QTL Studies performed with GridQTL to date have included: birth weight and fleece quality in sheep; growth in young cattle; fatness in pigs; harvest traits in salmon; domesticity studies in foxes; obesity in mice; growth in broiler chickens; wood quality of eucalyptus trees; scale quality in crocodiles and airway obstructions in thoroughbred racehorses.
2010 and onwards – up to the Clouds.
A further tranche of funding gave us the ability to include new QTL models in the portal as well as to investigate areas of Cloud computing. The GridQTL portal has so far given users access to the QTL algorithms and the computational resources free of charge; however, there is no way of sustaining this once the project funds run out.

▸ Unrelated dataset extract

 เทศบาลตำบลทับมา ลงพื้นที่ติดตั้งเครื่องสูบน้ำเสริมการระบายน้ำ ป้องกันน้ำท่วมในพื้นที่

Our view of Cloud Computing is in line with the view presented in . Cloud Computing brings together Software as a Service (SaaS) and Utility Computing where Utility Computing is a service made available in a pay-as-you-go manner by the Cloud Provider. One can distinguish several classes of Utility Computing amongst the current Cloud computing offerings. The difference is based on the level of abstraction presented to the programmer wanting to access virtualised resources. For example the Google AppEngine  provides automatic scaling and load balancing but enforces the programmer to use a predefined application structure and a fixed API. On the other side of the coin is Amazon’s EC2  which allows the author to control nearly the entire software stack but at the same time is not providing any help in automatic scalability or fallover. There is also the middle ground represented by Microsoft’s Azure platform  that supports general purpose computing but requires applications to be compiled to the specific runtime. GridQTL uses complex backend applications to perform calculations, and it was deemed to be too expensive to port these to new runtime environments. Only the fully virtualised model, similar to Amazon’s EC2, was practical for moving the existing portal to Cloud infrastructure.

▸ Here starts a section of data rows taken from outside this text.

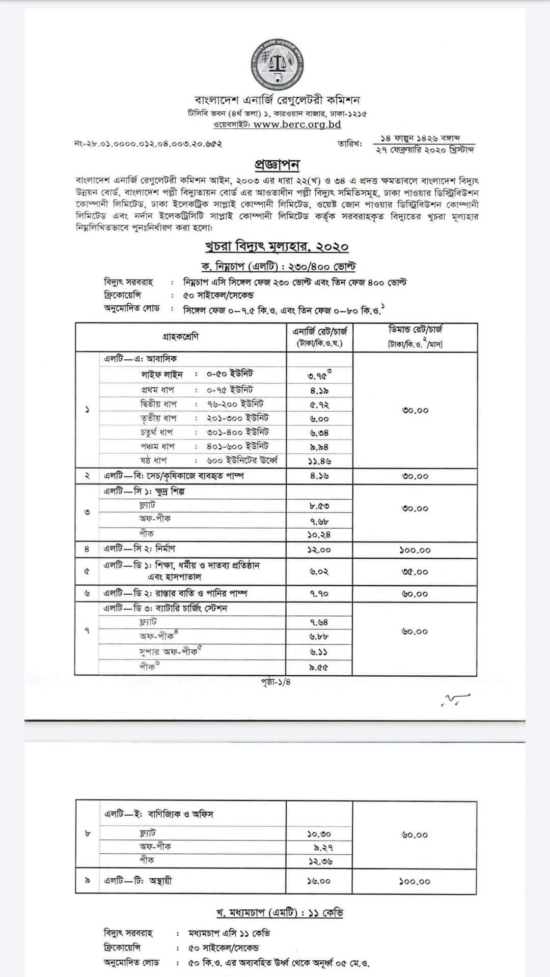 বাংলাদেশের বিদ্যুত ব্যবহারের বর্তমান মূল্য ধাপ (tariff) হলো (বাংলাদেশ এনার্জি রেগুলেটরি কমিশন এর প্রজ্ঞাপন ২০২০ অনুযায়ী) –
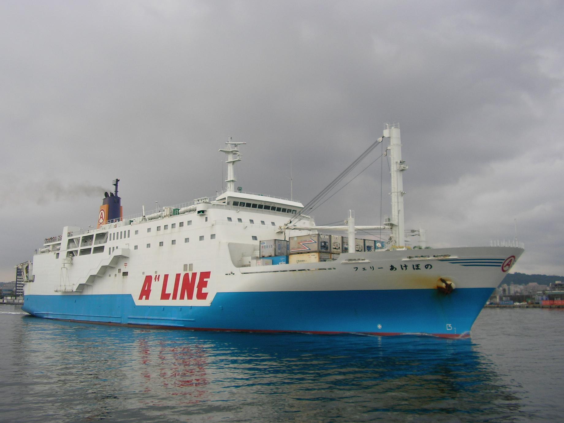 マルエーフェリー株式会社 (A-Line Ferry Co., Ltd.) 運航。 Built: 2008, IMO: 9423310, MMSI: n/a Gross tonnage: 8,083t, Length: 145.0m, Beams: 24.0m |
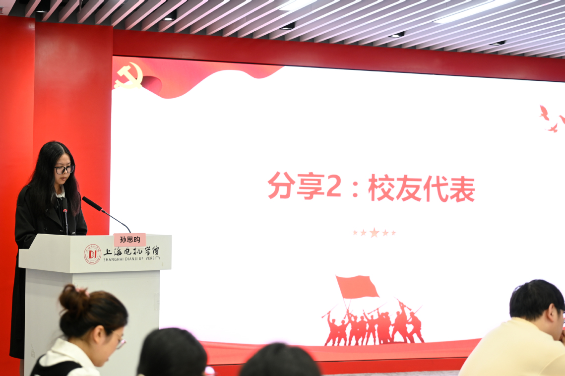 2015级校友、上海电气集团人才交付中心招聘经理叶慧玲从在校内的专业学习,参加海外交流项目,到求职和工作经历,讲述了自己的心路历程,将自身的成长历程与长征精神相融合,阐释了新时代青年传承红色基因,赓续奋斗精神的深刻体悟。她号召学弟学妹们在学好自身专业课的同时,尽早开始职业生涯规划、确定职业发展目标,在自己的求职长征路上砥砺前进。
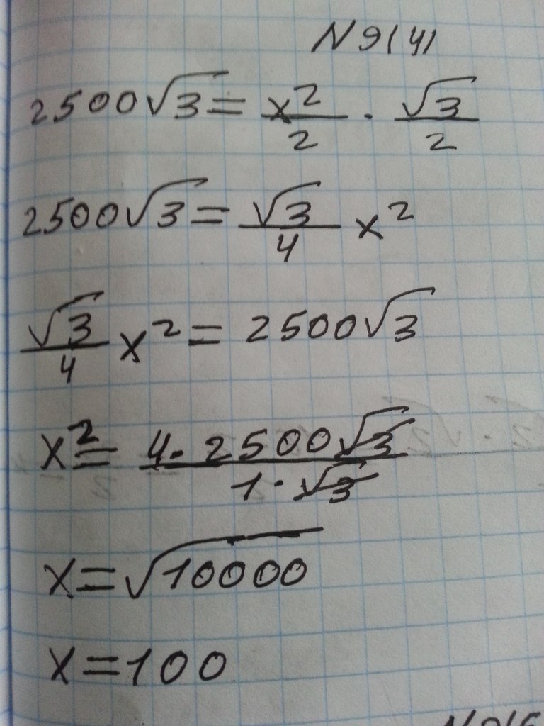 a²=2S/sinβ=2·2500√3/(√3:2)=5000·2√3/√3=5000·2=10000
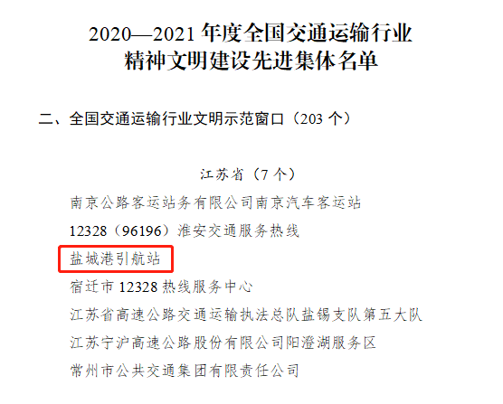 鹽城港引航站榮登2020-0201“全國交通運輸行業文明示范窗口”榜單
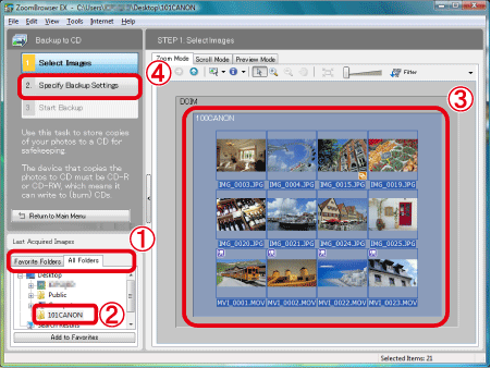 the folder that contains the images to save the CD-R/RW disc. Images exported to [ZoomBrowser EX] are usually saved in [Pictures] or [My Pictures] folder.

When developing CloudQTL we first sought the Amazon route via Eucalyptus  and OpenStack  middleware, both of which implement subsets of EC2 API, using a prototype local Cloud provided by the Edinburgh University ECDF Cloud; this would enable eventual Cloudbursting to similar Clouds implementing the EC2 API. Development of CloudQTL has however been considered with other Cloud scenarios in mind (e.g. OpenNebula  and OCCI ) so as not to tie ourselves to one specific access route to Cloud systems. In partnership with EPCC an initial version of CloudQTL, has been incorporated into the 3.1.0 release of GridQTL, which was released in December 2012. When the product proves robust a cost model accounting system based on EPCC’s SAFE project  will be then considered for implementation.
References – on request.
A quantitative trait is a phenotype or organism characteristic with continuous measurement such as product yield and quality in agricultural species or risk factors for disease in animal and human populations. It is usually complex in that it is influenced by the actions and interactions of many genes and environmental factors and geneticists are interested in identifying and understanding the role of the genes involved.

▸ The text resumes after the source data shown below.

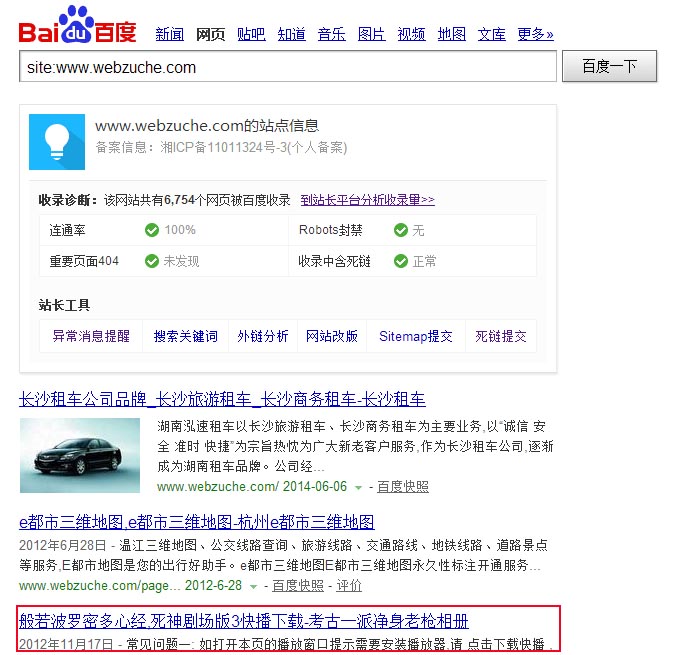 [导读]:site:www点webzuche点com(租车网) 百度快照有些乱七八糟的标题,请各位朋友分析一下,怎么最快解决这个问题! 这应该是老早就被种繁殖了吧... 清马吧。。。...
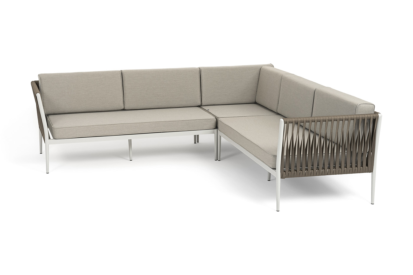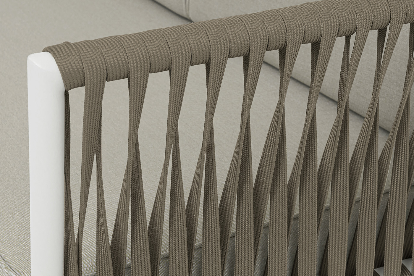 Диван имеет алюминиевый каркас, окрашенный порошковой краской в светло-серый (RAL7035) цвет. Боковины каркаса вручную оплетены плоским роупом - эластичными синтетическими лентами, изготовленными из высокопрочных полиэфирных волокон. Цвет оплетки - серо-коричневый.
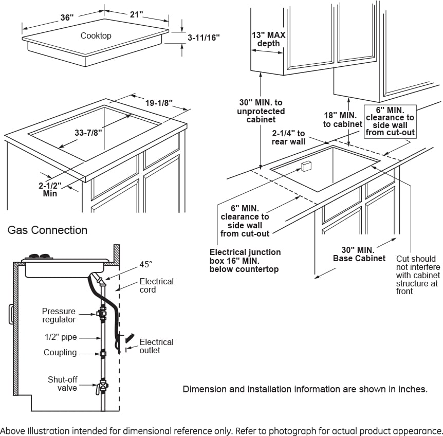 Cutout: 33-7/8″ W × 19-1/8″ D
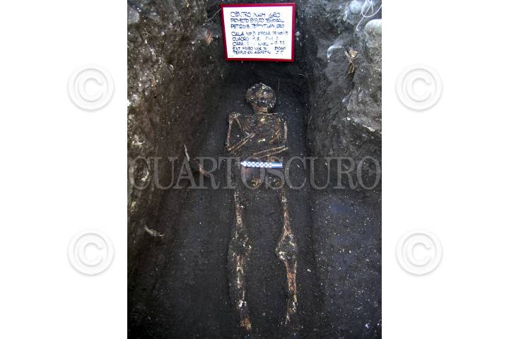 MÉXICO, D.F., 10JULIO2012.- Más de una decena de entierros y estructuras arquitectónicas que datan de la época prehispánica, fueron ahallados en un predio de la avenida Aquiles Serdán, en la delegación Azcapotzalco. De acuerdo con arqueólogos, el descubrimiento es evidencia de un barrio de comerciantes tepanecas que tuvo su esplendor hace 700 años, un par de siglos antes del dominio del imperio mexica en la Cuenca de México. FOTO: INAH /CUARTOSCURO.COM
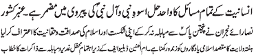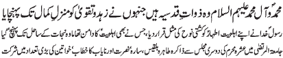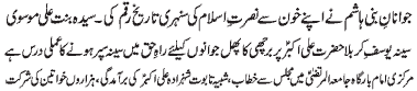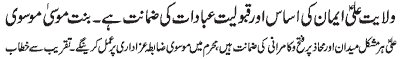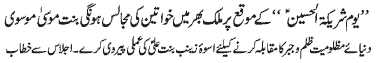 ISLAMABAD, November 10: Solution of all the problems of humanity is hidden in following of the teachings of the Holy Prophet and his Holy Progeny (PBUT) – Umber Kishwar; by declining to do Mobahila with Panjtan Pak (PBUT), the Christians of Nirjaan accepted their defeat and the truthfulness of Islam; the basic purpose of observing Hafta e Walayat is to remember the Islamic history - addresses of Zakiraat to the assemblies of Hafta e Walayat arranged by UWF
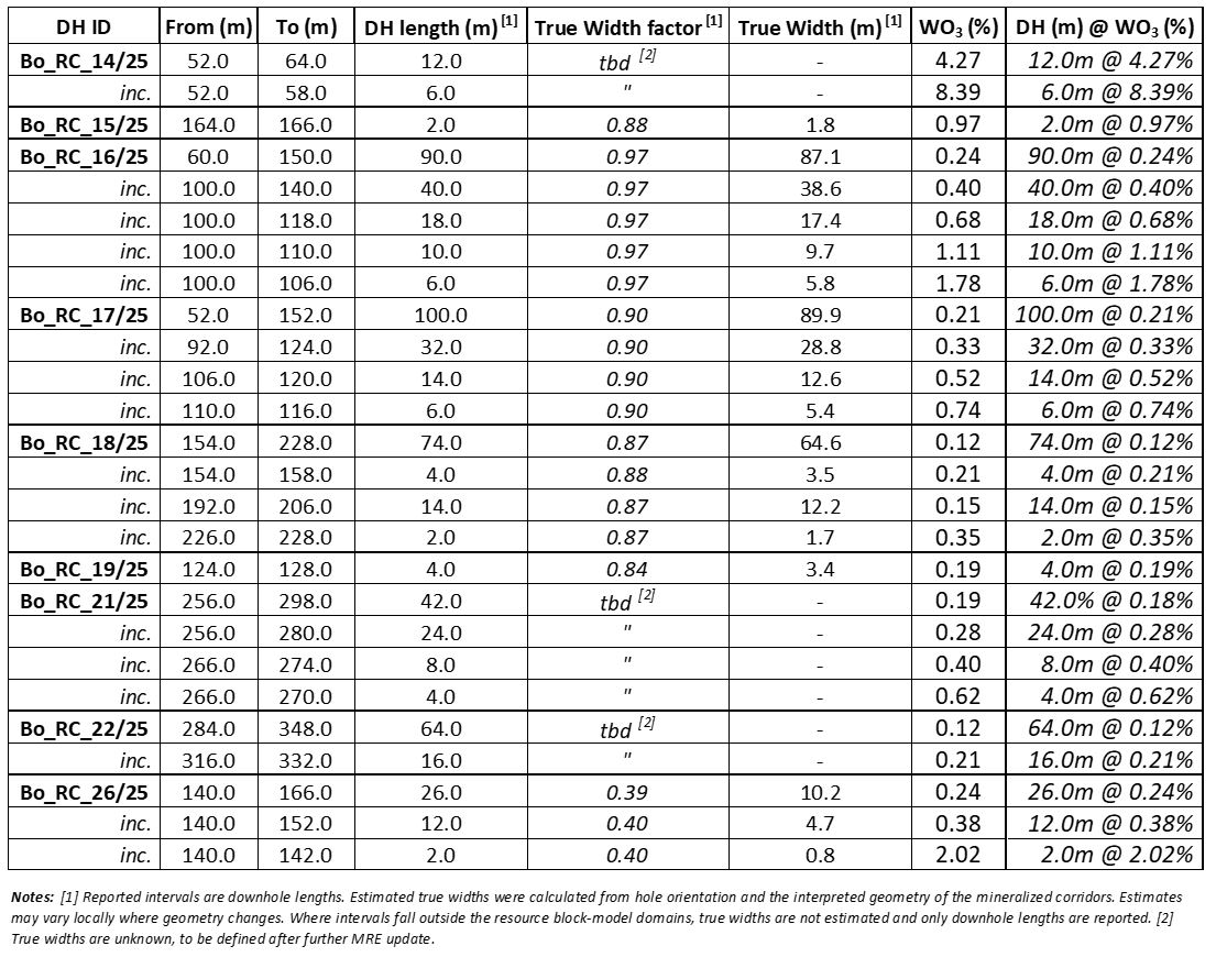 Bo_RC_18 and Bo_RC_19 targeted the transition "gap" central zone between the central-south high-grade backbone and the recently discovered north-dipping large medium-grade lode, an area historically interpreted as lower grade. Results exceeded current MRE expectations, returning grades above the deposit average and strengthening the geological bridge between two high-grade domains. This continuity is expected to be an important factor in resource growth and future mine design.

Quantitative trait locus mapping is a statistical modelling approach to identifying regions of the genome known as QTLs (Quantitative Trait Loci) that are involved in the control of the trait and is an essential tool for understanding the genetic basis of complex traits. It involves the use of molecular markers to follow inheritance of specific genome locations from parent to offspring and combines information from these with pedigree and trait records to look for associations between genotype and phenotype.